#### Data for review ####

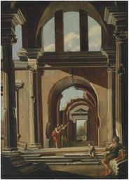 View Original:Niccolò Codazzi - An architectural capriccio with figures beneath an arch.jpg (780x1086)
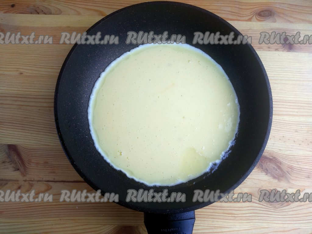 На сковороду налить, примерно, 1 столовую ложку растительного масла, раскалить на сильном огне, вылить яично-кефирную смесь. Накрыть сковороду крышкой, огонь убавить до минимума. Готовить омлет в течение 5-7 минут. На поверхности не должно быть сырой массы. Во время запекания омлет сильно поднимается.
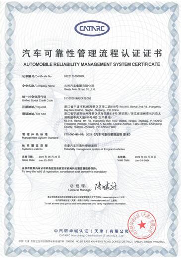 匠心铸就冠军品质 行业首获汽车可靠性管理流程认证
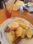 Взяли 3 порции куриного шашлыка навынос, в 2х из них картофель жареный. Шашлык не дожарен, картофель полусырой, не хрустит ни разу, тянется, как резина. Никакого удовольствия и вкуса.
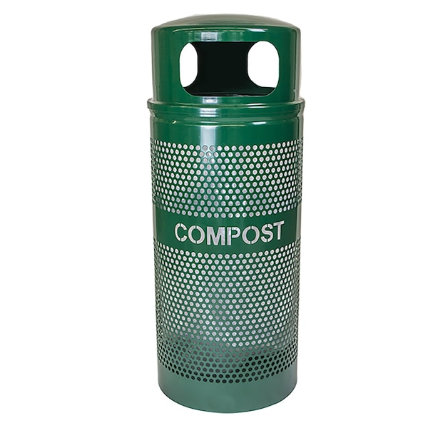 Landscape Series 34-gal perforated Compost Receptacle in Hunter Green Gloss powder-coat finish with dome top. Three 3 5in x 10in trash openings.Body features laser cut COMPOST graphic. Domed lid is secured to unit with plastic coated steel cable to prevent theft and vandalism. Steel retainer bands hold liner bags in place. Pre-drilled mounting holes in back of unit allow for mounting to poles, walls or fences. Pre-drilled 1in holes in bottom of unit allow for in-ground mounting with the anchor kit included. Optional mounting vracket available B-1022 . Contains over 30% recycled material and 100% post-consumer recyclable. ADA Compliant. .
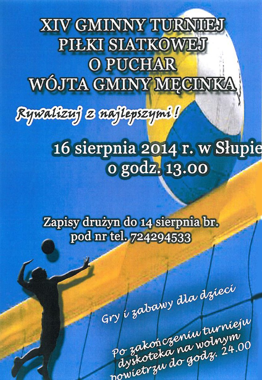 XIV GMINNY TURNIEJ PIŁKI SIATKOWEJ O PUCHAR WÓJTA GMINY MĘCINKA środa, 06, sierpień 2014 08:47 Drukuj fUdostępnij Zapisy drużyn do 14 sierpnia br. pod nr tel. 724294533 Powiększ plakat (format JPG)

####
#### Data for review ####

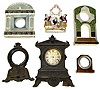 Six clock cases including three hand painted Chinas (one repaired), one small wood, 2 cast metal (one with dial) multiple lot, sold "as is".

####
#### Data for review ####

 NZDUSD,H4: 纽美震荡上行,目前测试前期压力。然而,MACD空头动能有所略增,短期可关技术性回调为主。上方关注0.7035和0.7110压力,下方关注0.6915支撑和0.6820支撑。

####

§ Task brief:
Using the records above, print exactly the lines between the ones containing "View Original:Niccolò Codazzi" and "Взяли 3 порции", inclusive, and nothing else; no pictures.

§ Task solution:
 View Original:Niccolò Codazzi - An architectural capriccio with figures beneath an arch.jpg (780x1086)
 На сковороду налить, примерно, 1 столовую ложку растительного масла, раскалить на сильном огне, вылить яично-кефирную смесь. Накрыть сковороду крышкой, огонь убавить до минимума. Готовить омлет в течение 5-7 минут. На поверхности не должно быть сырой массы. Во время запекания омлет сильно поднимается.
 匠心铸就冠军品质 行业首获汽车可靠性管理流程认证
 Взяли 3 порции куриного шашлыка навынос, в 2х из них картофель жареный. Шашлык не дожарен, картофель полусырой, не хрустит ни разу, тянется, как резина. Никакого удовольствия и вкуса.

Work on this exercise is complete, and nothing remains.